If you are a fan of comic books or have just seen Spiderman 3, I suggest you pop over to High on Comics. I recently wrote a post about Spiderman 3, specifically how I would have written the film, and the more I think of it, the more I think it works.

Until nex time, make mine poker!

posted by Jordan @ 10:15 AM,

6 Comments:

At 12:21 PM, Blogger StB said...

I am probably the only one curious to know what beer you had from the "exotic tap"

 
At 12:33 PM, Blogger HighOnPoker said...

Actually, stb, I'd like to know also. The place was so dark and the taps were on the far end of the bar. They all were unrecognizable to me, so I asked him to give me something medium (not light or dark) from the tap, and I let him figure it out. Mystery beer!

 
At 12:43 PM, Blogger slb159 said...

Nice coverage.

You said "This was my first suckout of the night, but it wouldn't be my last."

Confused about the firt AJ hand where you said the flop came out T8J and your opponent had T8. Would seem like you sucked out there two if you had TPTK and guy had 2 pair.

Maybe just a typo.

Anyway, gl at the tables.

 
At 1:29 PM, Blogger lj said...

bummer...bubbling sucks. it was nice to meet you, though!

we ended up going to a different bar a few feet away that had food, and i stopped by the other one to look for you, but you must have gone (or not yet arrived) by then.

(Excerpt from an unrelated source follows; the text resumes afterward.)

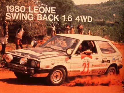 Команда Subaru Rally Team Japan под руководством Нориюки Кодзеки (основатель Subaru Tecnica International STI) использовала Subaru Leone купе, седан DL и RX турбо в Мировом Чемпионате по Ралли с 1980 по 1989 год в нескольких гонках в каждом сезоне . Водителями в различных гонках были такие гонщики как Ари Ватанен, Пер Экланд, Шекхар Мета, Майк Киркланд, Поссум Бёрни и Гарольд Демат. Майк Киркланд финишировал шестым в общем зачёте и выиграл в своем классе по группе А в Ралли Сафари в 1986м году. В этом году Subaru была единственным производителем, который использовал полный привод и турбонаддув вместе. Subaru заменила раллийную модель на Legacy RS в течении 1990-1992 годов и впервые приняла участие в полном гоночном сезоне Мирового Чемпионата по Ралли с аналогичной моделью в 1993м году.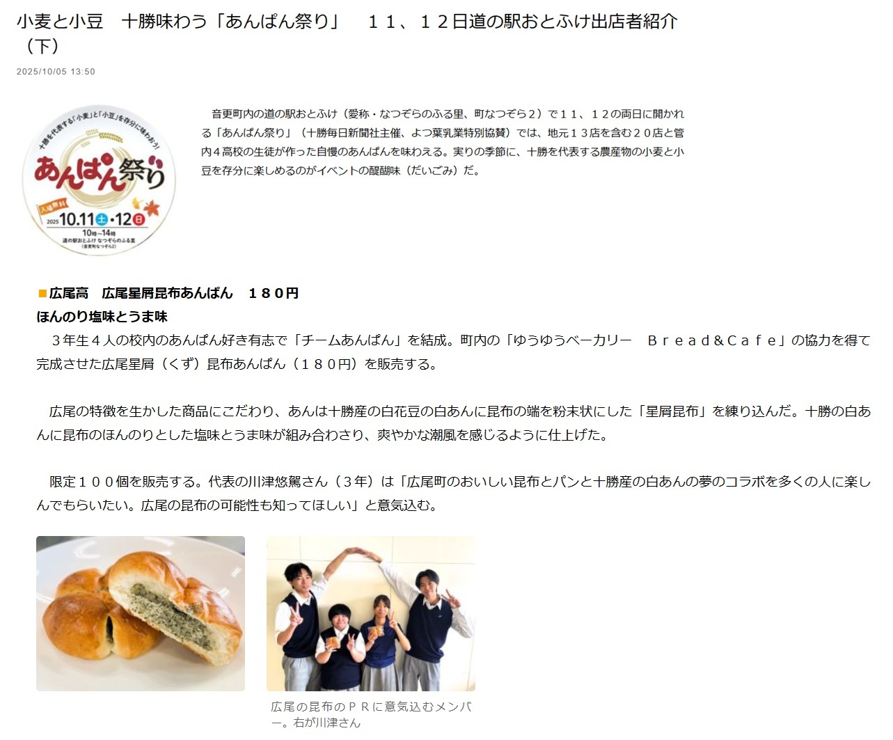 十勝毎日新聞10月 6日 小麦と小豆 十勝味わう「あんぱん祭り」 11、12日道の駅おとふけ出店者紹介 10.6.jpg

i haven't been on a losing streak so much as a playing like an idiot streak (though in my case one necessarily leads to the other). guy sucked out a flush on me the night before w/ 63s. it was my own fault for not raising before the flop. : (

good luck in vegas! you going for anything specific?

 
At 3:37 PM, Blogger TripJax said...

good times holmes. next time we shall get shit faced drunk after the game though.

thanks for the hospitality - and the tour of NY.

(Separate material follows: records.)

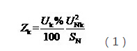 式中:Uk%為短路阻抗百分比,UN為變壓器額定電壓,SN為變壓器額定容量。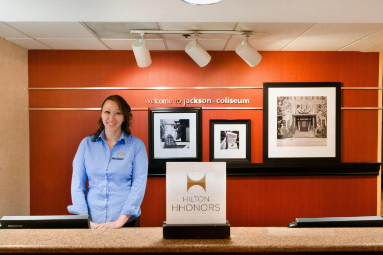 Отель Hampton Inn & Suites Jackson-Coliseum 2 звезды, адрес на карте Джексон, 320 Greymont Avenue, с описанием номеров и возможностью онлайн бронирования на сайте vashotel.ru , стоимость проживания и удобства.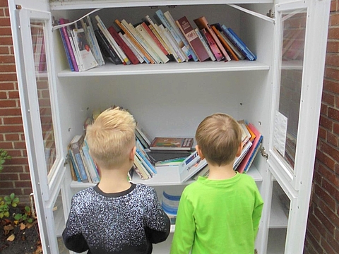 Darüber hinaus haben wir einen offenen Bücherschrank vor unserer Einrichtung. Dieser ist nicht nur für Kinder unserer Einrichtung, sondern für alle Kinder im Stadtteil zugänglich. Ausleihschränke für Bücher gibt es inzwischen in jeder Stadt. Unserer richtet sich jedoch speziell an Kinder.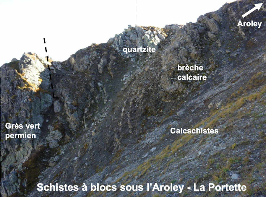 Reposant sur les grès vert massifs permien, et sous les conglomérats bréchiques calcaires de l’Aroley, on retrouve au sud de la Combe de la Neuva une unité de schistes à blocs (quartzite blanc et brèche calcaire dans une matrice de calcschistes) sous les sommets de la Pointe de la Portette et du Roc de la Charbonnière.

oh, and your 9 against LJ was on the turn. not that it matters. and the beer was german methinks and started with an H.

 
At 3:40 PM, Blogger Chipper said...

You can't dwell on the losses. Don't let that get to your head. Every night is a new experience and is totally unrelated to the games previously. No matter how well you play, sometimes you just don't get the cards you need to win. Can't win them all and you'll lose many over the course of your career. Just because you bubbled a couple times lately doesn't mean you suck - just the cards did.